Review of Undertow

Undertow (2004)
8/10
A Promising Tale Meanders into the Director's Indulgences
27 April 2005
Warning: Spoilers
UNDERTOW is a perplexing film, one that seems like it could be a superb atmospheric contemplation of poverty and its consequences in the back roads of the South, but ends in a prolonged ennui that suggests that a growing director doesn't know when excess has been met and indulged.

John Munn (Dermot Mulroney) lives with his two sons Chris (Jamie Bell) and Tim (Devon Alan) in mud and squalor in rural Georgia, a place of escape from inquisitive society after the death of his wife. Chris is lonely and curious and is repeatedly arrested for minor crimes while Tim is psychically injured and lives in an unhealthy mental state eating paint, mud, and anything that will make him vomit.
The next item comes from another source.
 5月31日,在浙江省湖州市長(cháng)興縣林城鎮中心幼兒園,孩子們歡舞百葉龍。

John Munn tries valiantly to cope with being a single father of these two problematic boys but clearly needs help.

Into this setting arrives Deel, John's ne're-do-well brother with whom he had a rocky childhood who has been recently released form prison for a crime that apparently tangentially involved John. John takes Deel in to provide shelter in exchange for helping him with his pig farm and with his boys, but we soon discover that Deel's true motivation for visiting his long-lost brother is to gain access to gold coins given to John and Deel by their father (references to the use of gold coins to pay Charon for passage over the river Styx into Hades and the subsequent curse on these coins is explained by John to his boys).
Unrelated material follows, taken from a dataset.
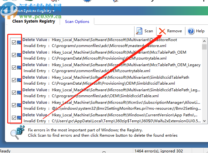 5.等到扫描注册表的操作完成之后,我们在界面中就可以看到一些扫描出来的注册表了,我们勾选这些注册表点击界面右上角的Remove这按钮即可开始清理扫描出来的注册表。
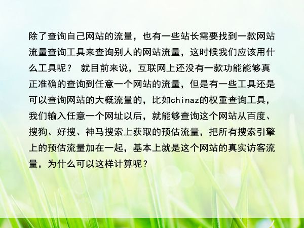 除了查詢(xún)自己網(wǎng)站的流量,也有一些站長(zhǎng)需要找到一款網(wǎng)站流量查詢(xún)工具來(lái)查詢(xún)別人的網(wǎng)站流量,這時(shí)候我們應(yīng)該用什么工具呢? 就目前來(lái)說(shuō),互聯(lián)網(wǎng)上還沒(méi)有一款功能能夠真正準(zhǔn)確的查詢(xún)到任意一個(gè)網(wǎng)站的流量,但是有一些工具還是可以查詢(xún)網(wǎng)站的大概流量的,比如chinaz的權(quán)重查詢(xún)工具,我們輸入任意一個(gè)網(wǎng)址以后,就能夠查詢(xún)這個(gè)網(wǎng)站從百度、搜狗、好搜、神馬搜索上獲取的預(yù)估流量,把所有搜索引擎上的預(yù)估流量加在一起,基本上就是這個(gè)網(wǎng)站的真實(shí)訪客流量,為什么可以這樣計(jì)算呢?

The crisis of the movie is the conflict and ultimately deadly encounter between Deel and John and when the boys observe the loss of their father, they gather the coins and a backpack and begin their flight to safety. The remainder of the movie is how these two brothers learn to grow up and fend for themselves in the most difficult of circumstances and always under the threat of Deel's discovering their whereabouts. Along the way we meet some interesting if repetitively impoverished folk, each adding a bit of philosophy, both said and unsaid, to the boys' growth. The ending is Grand Guignol and to reveal it further would be a disservice to the surprise it holds.
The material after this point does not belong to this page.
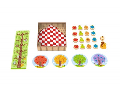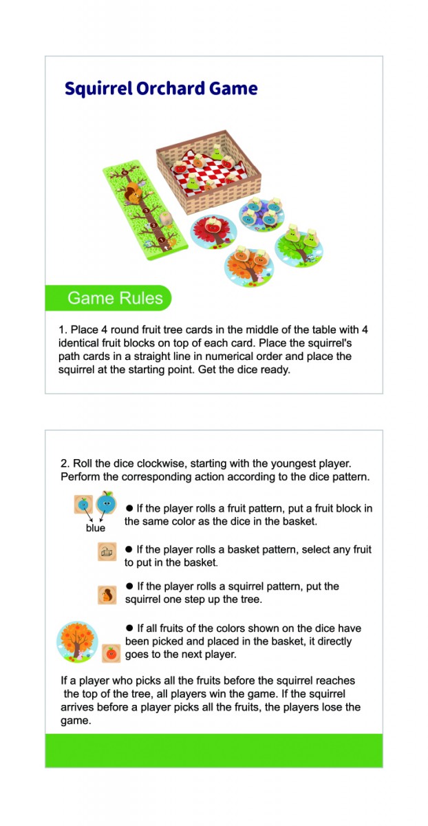 - Αν τύχει η επιλογή με όλα τα χρώματα, χάνετε τη σειρά σας. Αν ο παίκτης καταφέρει να μαζέψει πρώτος όλα τα φρούτα, τότε κερδίζει. Αν προλάβει ο σκίουρος να φτάσει πρώτος στον προορισμό του, τότε κερδίζει εκείνος. Αποτελείται από 29 τεμάχια και απευθύνεται σε παιδιά άνω των 18 μηνών.

David Gordon Green is a 30-year-old director who has a penchant for tales of the impoverished South. He understands mood and atmosphere, makes use of freeze frame camera angles poignantly and is able to draw unfettered realistic performances from his actors (both main characters and bit players). He wisely elected to enlist the fine cinematography of Tim Orr, the quasi-appropriate musical score by Phillip Glass, and tries to work with a shaky dialogue by screenwriter Joe Conway based on a story by Lingard Jervey. At this point in his career (and yes, he is the assigned director for the upcoming 'The Secret Life of Bees') he is a creative artist who needs to watch his own completed films carefully to see where he loses control of the story and allows it to disappear in the mists of bland blathering. There is so much good in his work that surely the services of a brave, outspoken editor will repair his indulgences.

The four main actors are all excellent: Mulroney and Lucas have an unkempt, of-the-dirt sensuality that keeps them constantly engaging and each develops a fully realized character from the material they are given. Jamie Bell proves that he can take on tough roles and make them appear naturally simple and Devon Alan is a sensitive purveyor of a damaged boy.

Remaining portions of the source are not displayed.